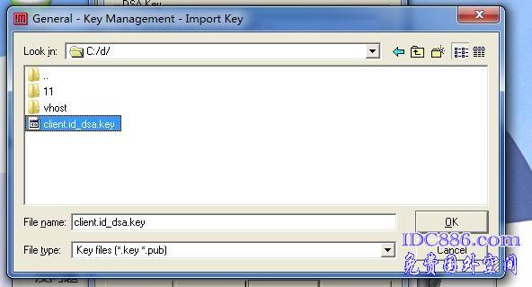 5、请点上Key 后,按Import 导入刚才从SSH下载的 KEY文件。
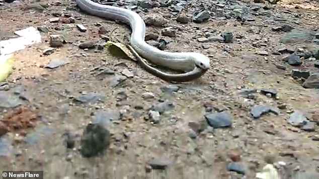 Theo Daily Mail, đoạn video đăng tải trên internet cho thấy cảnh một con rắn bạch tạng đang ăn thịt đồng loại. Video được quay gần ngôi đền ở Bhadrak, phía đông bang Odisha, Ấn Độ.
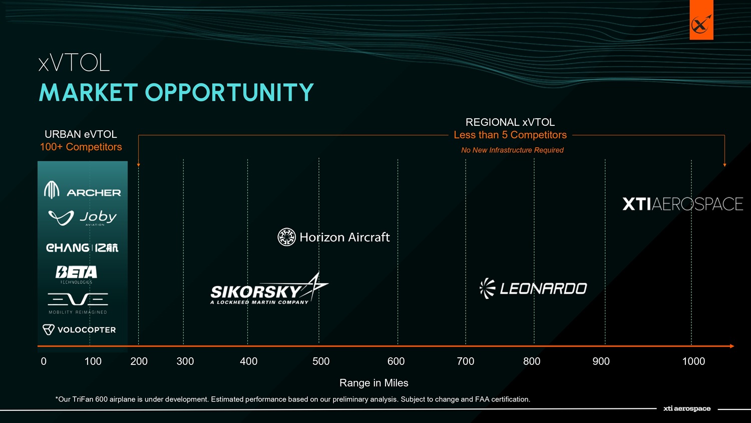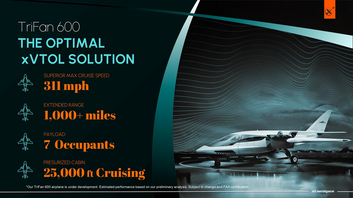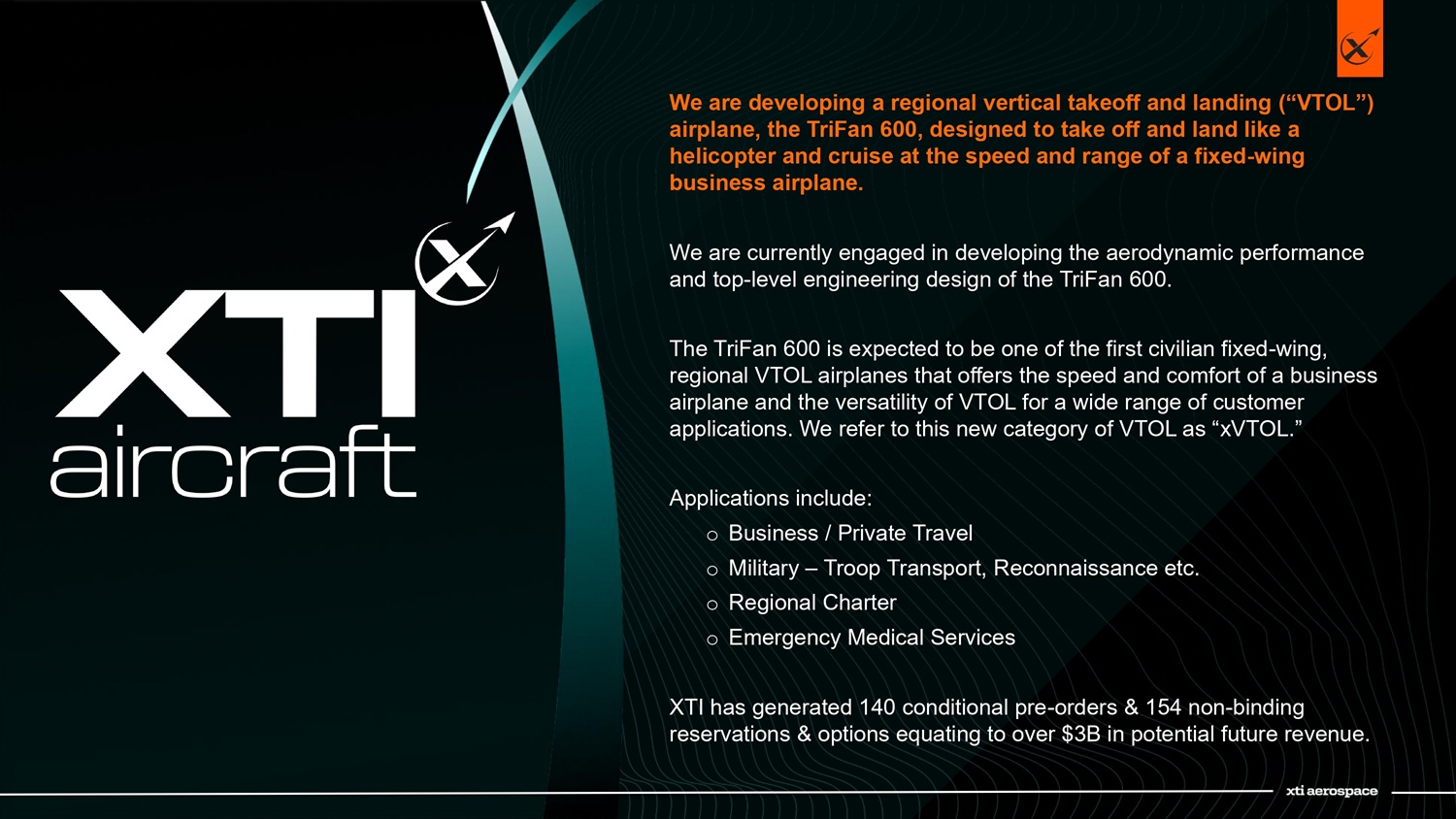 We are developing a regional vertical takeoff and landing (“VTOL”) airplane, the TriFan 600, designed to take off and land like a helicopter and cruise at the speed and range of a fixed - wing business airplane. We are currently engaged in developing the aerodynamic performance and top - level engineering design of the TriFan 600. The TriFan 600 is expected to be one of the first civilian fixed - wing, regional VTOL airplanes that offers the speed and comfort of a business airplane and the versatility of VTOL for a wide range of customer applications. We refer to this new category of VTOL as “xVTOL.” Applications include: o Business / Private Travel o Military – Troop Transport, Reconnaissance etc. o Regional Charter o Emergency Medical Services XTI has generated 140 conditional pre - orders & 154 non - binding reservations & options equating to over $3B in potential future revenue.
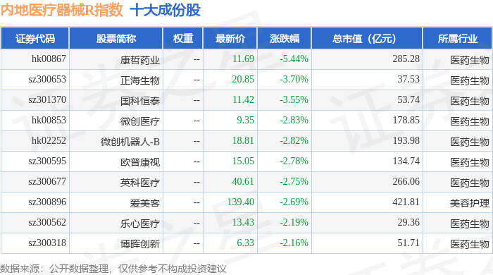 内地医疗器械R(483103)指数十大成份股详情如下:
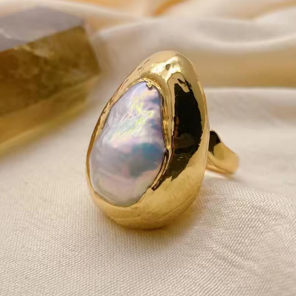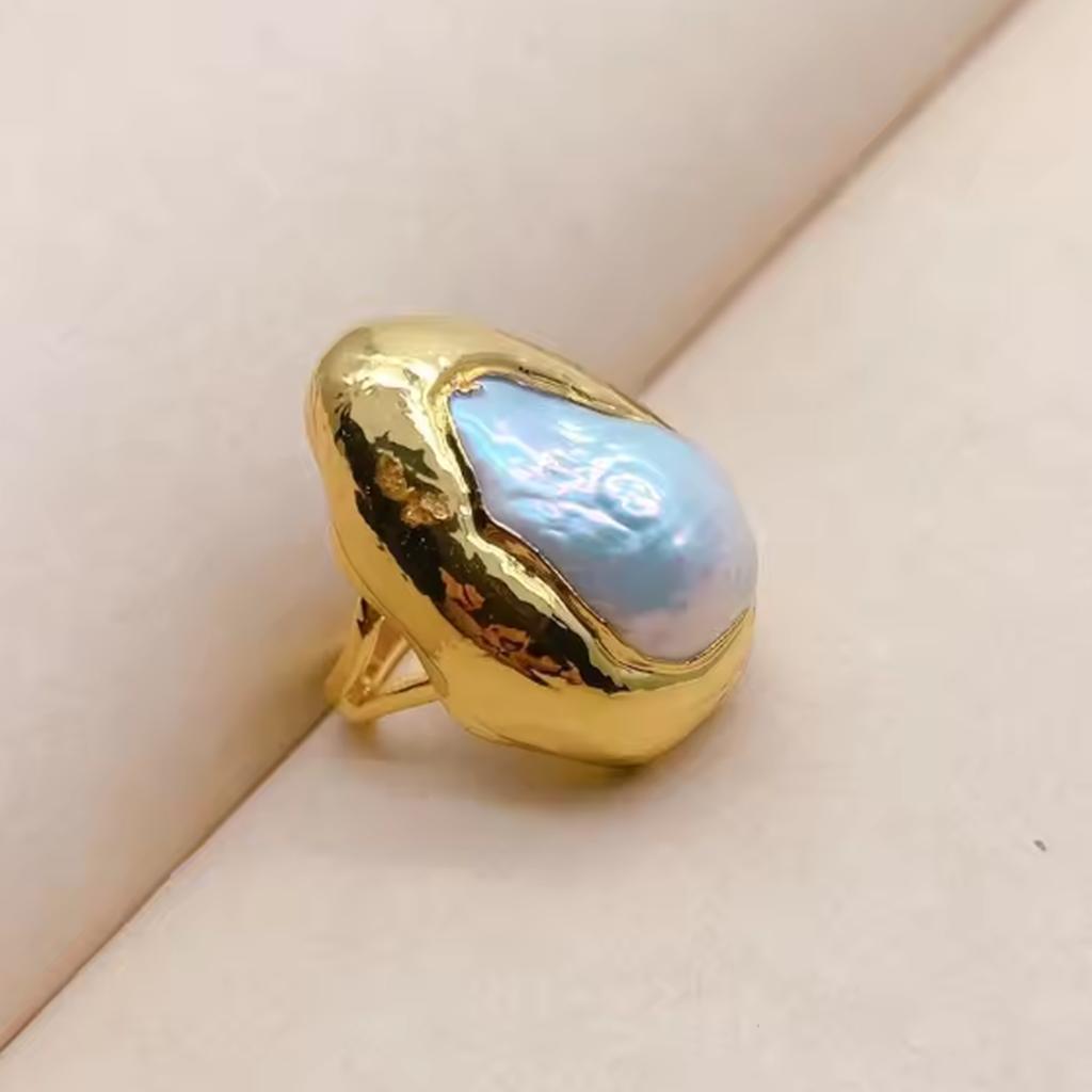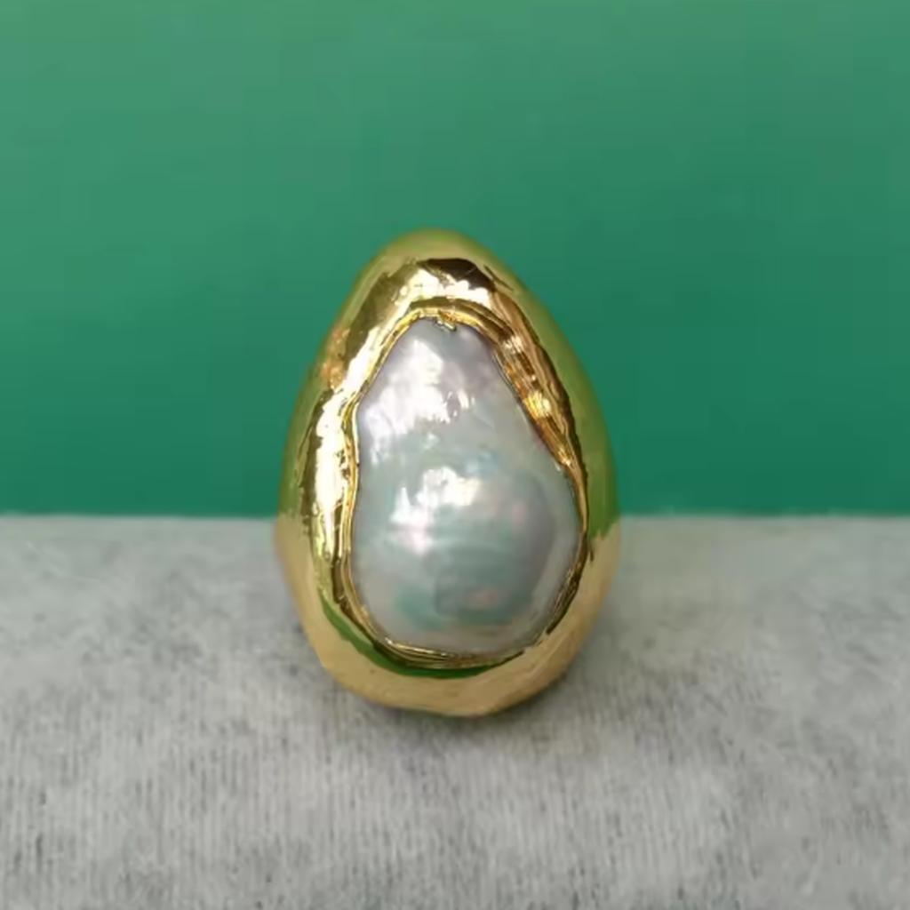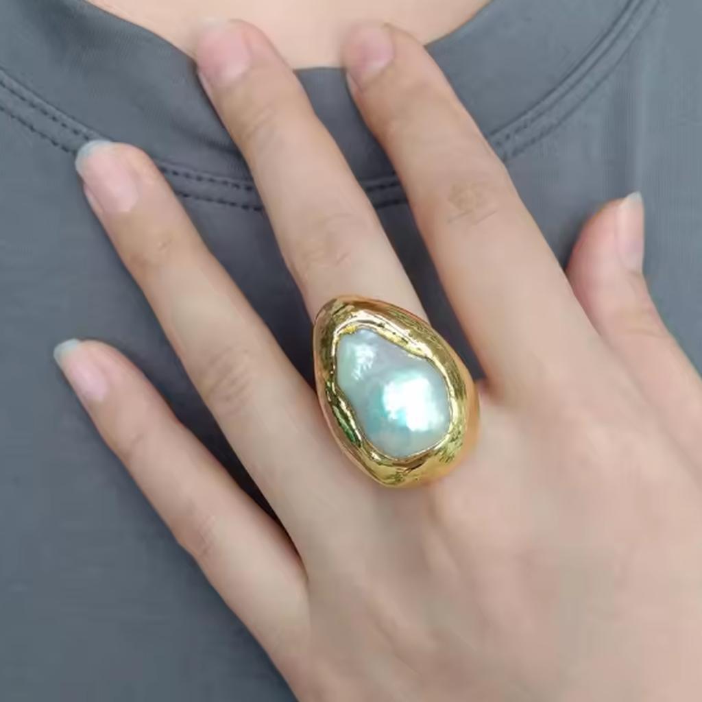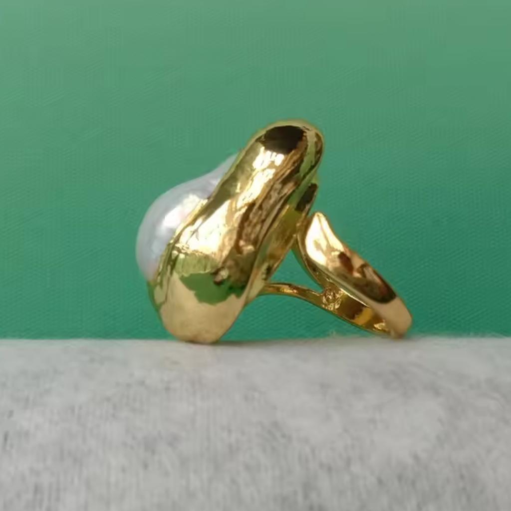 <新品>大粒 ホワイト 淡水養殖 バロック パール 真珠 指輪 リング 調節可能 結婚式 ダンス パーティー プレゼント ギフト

....................

WORK INSTRUCTIONS:
Repeat the material above exactly; any picture in it is left out.

RESPONSE:
 5、请点上Key 后,按Import 导入刚才从SSH下载的 KEY文件。
 Theo Daily Mail, đoạn video đăng tải trên internet cho thấy cảnh một con rắn bạch tạng đang ăn thịt đồng loại. Video được quay gần ngôi đền ở Bhadrak, phía đông bang Odisha, Ấn Độ.
 We are developing a regional vertical takeoff and landing (“VTOL”) airplane, the TriFan 600, designed to take off and land like a helicopter and cruise at the speed and range of a fixed - wing business airplane. We are currently engaged in developing the aerodynamic performance and top - level engineering design of the TriFan 600. The TriFan 600 is expected to be one of the first civilian fixed - wing, regional VTOL airplanes that offers the speed and comfort of a business airplane and the versatility of VTOL for a wide range of customer applications. We refer to this new category of VTOL as “xVTOL.” Applications include: o Business / Private Travel o Military – Troop Transport, Reconnaissance etc. o Regional Charter o Emergency Medical Services XTI has generated 140 conditional pre - orders & 154 non - binding reservations & options equating to over $3B in potential future revenue.
 内地医疗器械R(483103)指数十大成份股详情如下:
 <新品>大粒 ホワイト 淡水養殖 バロック パール 真珠 指輪 リング 調節可能 結婚式 ダンス パーティー プレゼント ギフト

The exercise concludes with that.